What do we see here?
First, we can see the the characters of the password are tested one by one, but not in the order they appear in the password: Char 0 is tested first, than char 30, than char 1… The machine has only the stack to keep a state, and between two tests there is only on value on it. So we can assume that each test is independent of the others.
Second, we can see the the single-character-tests are not the same: The testing for char 0 involves a subtraction, the testing of char 30 involves a xor, and char 32 is tested with an addition and a xor.
Third, we can see that there is one character at the bottom position of the stack that’s initialised to 0. After every single-character-test, some result is or’d with this value. And at the very end there is a conditional jump (the only jump in the code) depending on this value, that jumps only if the value is not 0. Here, the jump is taken, and shortly thereafter the function/machine quits and returns 0 (which is interpreted as ‘incorrect’ by main).

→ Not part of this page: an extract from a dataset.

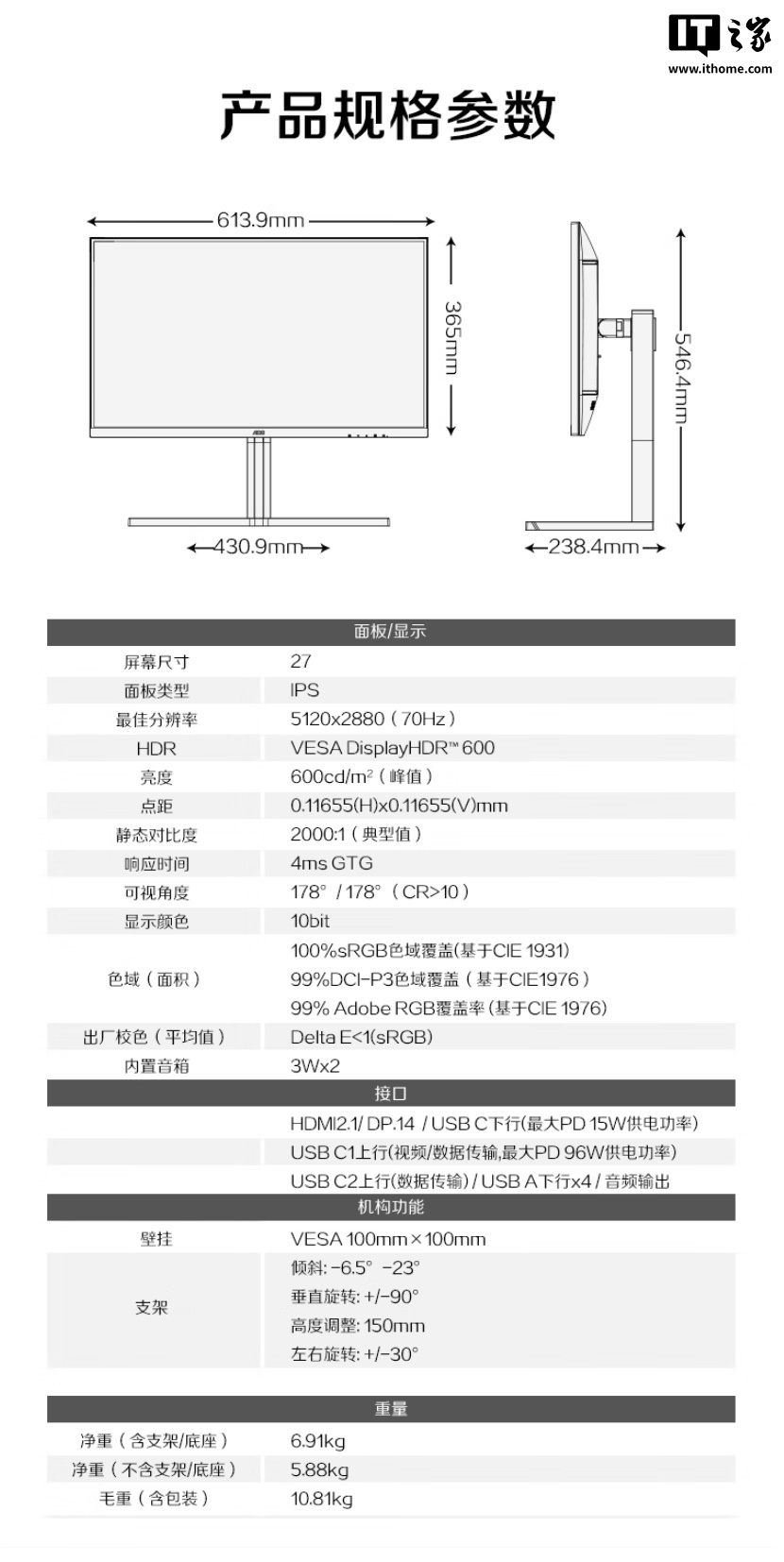 IT之家附显示器参数如下: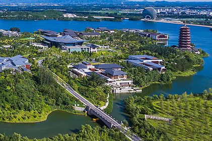 雁棲島上 核心是 雁棲湖國際會議中心。服務于大型會議。建筑主體是 “漢唐飛揚”,前面是夏園?偨ㄖ娣e4.2萬平方米,大小會議室、餐廳20余間,可以同時滿足近千人舉行會議和用餐。會議中心建筑內(nèi)部以H型為布局,功能核心區(qū)由位于一層的宴會廳——“鴻雁廳”和位于二層的會議大廳——“集賢廳”組成,兩側為貴賓大廳、休息區(qū)、大小會議室、包間等功能空間,宴會廳南側設室外宴會草坪,可以舉辦室外酒會等活動。

The conclusion here is, that each character of the password is tested with some operations which result in 0 if and only if the character is correct. These results are or’d together over time. If that results in 0 at the end, the correct password was entered.
So how do we solve this? One way would be to read the code and calculate what input will lead to a 0 in the end. For example, we can see that the substraction-test for char 0 would result in 0 if the input value is 0x4d (’M’; not that surprising, since all flags start with “MRMCDCTF{”).

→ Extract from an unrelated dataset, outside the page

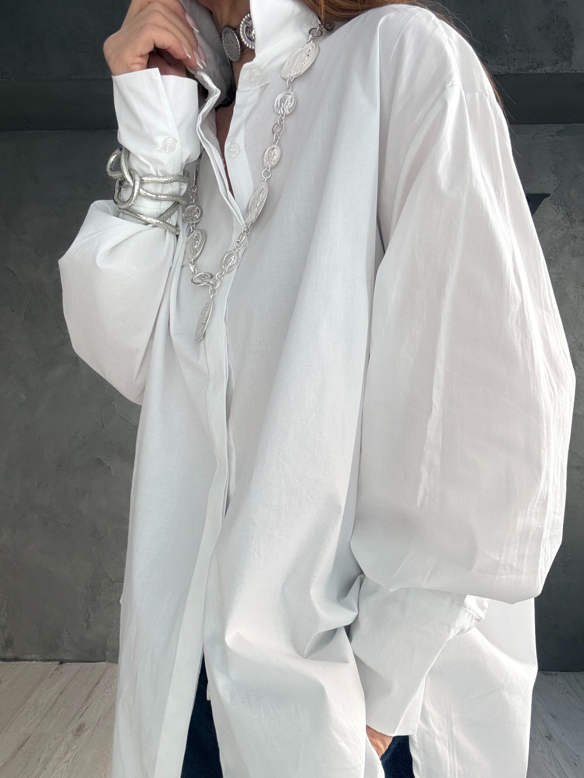 Αυτό το πουκάμισο είναι ένα λευκό oversized κομμάτι με αυστηρή, μίνιμαλ γραμμή και ανδρόγυνο ύφος. Διαθέτει μακριά μανίκια με φαρδιές μανσέτες, κλασικό γιακά και μια μεταλλική λεπτομέρεια-αλυσίδα που λειτουργεί σαν statement αξεσουάρ. Το ύφασμα φαίνεται βαμβακερό, με ελαφρώς δομημένη υφή που δίνει όγκο στο ένδυμα.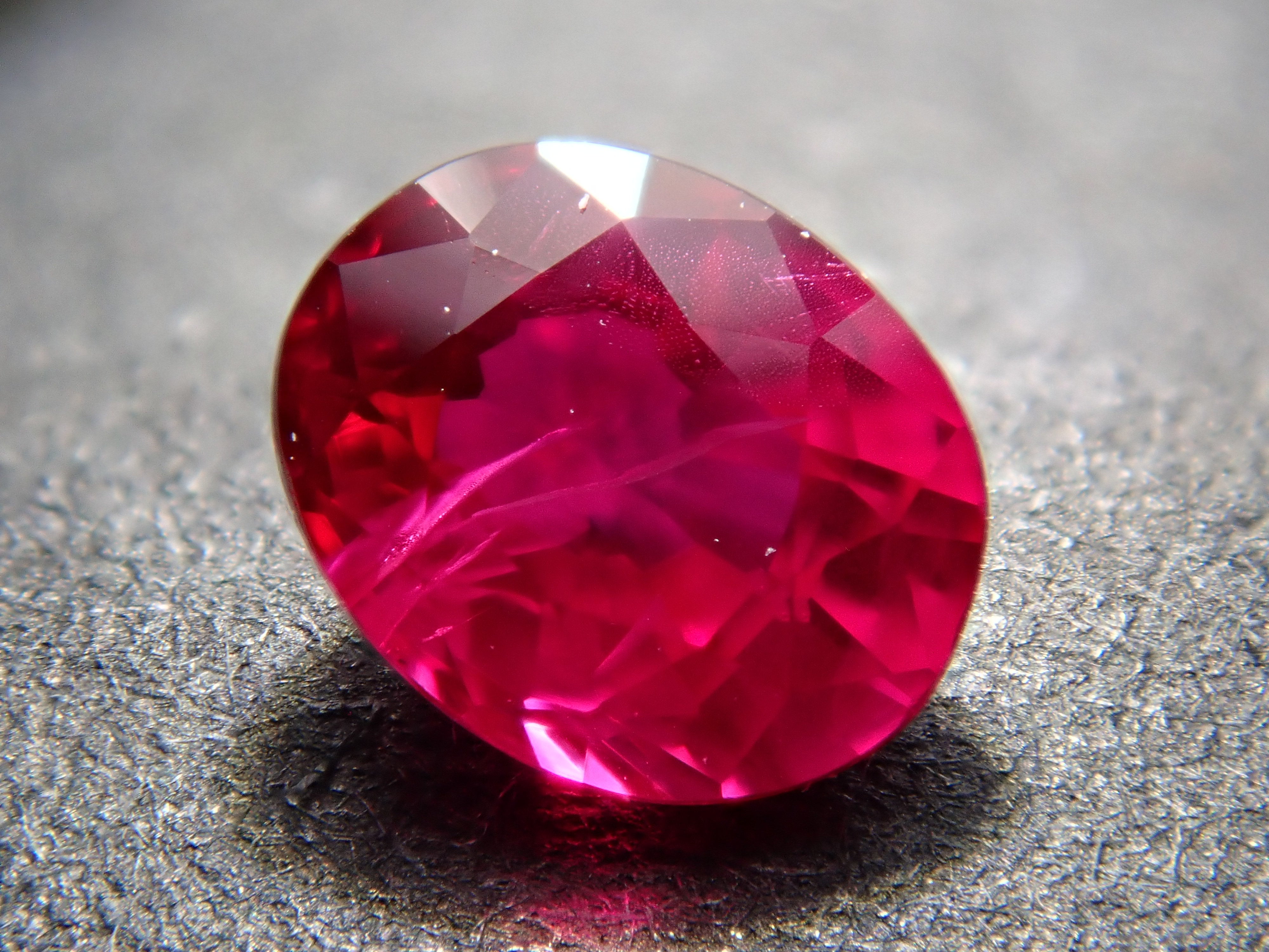 高度透明的橢圓形切割紅寶石。包括珠寶和貴金屬協會的分類。

Another way would be to feed it all into a theorem prover like Z3. During the CTF, this approach resulted in the quickest solve of this challenge.
But there is yet another option: We can change the code of the machine as we wish. And we know that if there is an or-operation on the cumulative result on the bottom of the stack, and one of the values is not 0, that the last single-character-test has failed.
And if we always know which character is wrong, we can brute force the password one character at a time, with only a few thousand tries.
All we have to do is add some code that calls bie1aibeathae6pieTh6 with possible passwords, and some modifications in the machine that relay back which character was wrong. A dirty implementation of this approach can be found here.
And yes, one could have optimised it even more: since the characters of the password are tested independently of each other and we see the result of each test, we could have brute forces all characters at the same time and be done after less than 256 tries. But given that even this dirty approach takes less than a second on my machine (and could even be faster without the debug output), I consider this a minor imperfection.